As to "different values", I guess I can come up with some for the examples given above:

Exxon - We need oil profit now to fund later development of our green acquisitions

Wall St - Our arbitrages make the system more efficient for everyone else

the MIL complex - Our products only kill and maim baddies. Besides, we build them so we don't have to use them.

the gambling industry - If we were outlawed only criminals (and uncovered derivatives traders?) would gamble. Besides, people have a sure loss when they pay for other forms of entertainment. And we pay for cultural projects legislators don't want in their budgets!

big tobacco - There is controversy over long term costs, but in the short term smoking clearly demonstrates human mastery over fire. (besides, how are workers supposed to bond, and pace themselves, without the smoke break?)

However, the only clearly non-dissonant one I can come up with is "anything people pay me to do is by definition good."

1 comments

> the MIL complex - Our products only kill and maim baddies. Besides, we build them so we don't have to use them.

Approximately no one thinks that in the military industrial complex. People are not dumb. They know what they are building. It's actually one of the least hypocritical industry I worked in.

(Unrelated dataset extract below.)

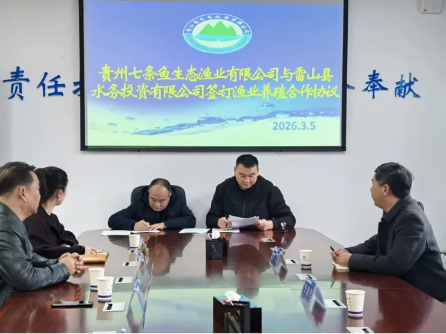 3月5日,贵州七条鱼生态渔业有限公司与雷山县水务投资有限公司、大塘镇新塘村村民委员会在雷山县水务投资有限公司成功举行九十九水库租赁合作签约仪式。县农业农村局、县水务局分管负责同志到场参加。

I left because I was feeling uneasy about the foreign countries we were selling to and don't believe in the foreign policy of our last few governments. Still I am not loosing sleep about my contribution to my country military relevance.

Thanks. I'll gladly edit if you can provide me with a better justification? (to me, "contributing to my country's military relevance" would fall under "we build them so we don't have to use them," but I'm obviously the wrong person to be writing these.)
> we build them so we don't have to use them

No, we build them so that we are credible when we threaten, can riposte if we are attacked, are less tempting as a bullying target and win when we wage wars (which we sadly still very much do even if it's mostly in support of allied countries nowadays).

I mean, I am far from fully Clausewitzian but force remains part of the way international relationships work.

I think we agree[1] more than you think we do.

https://www.gutenberg.org/files/1946/1946-h/1946-h.htm#chap0...

> "But a measuring of strength may be effected in cases where the opposing sides are very unequal by a mere comparative estimate. In such cases no fighting will take place, and the weaker will immediately give way.

> If the object of a combat is not always the destruction of the enemy’s forces therein engaged—and if its object can often be attained as well without the combat taking place at all, by merely making a resolve to fight, and by the circumstances to which this resolution gives rise—then that explains how a whole campaign may be carried on with great activity without the actual combat playing any notable part in it."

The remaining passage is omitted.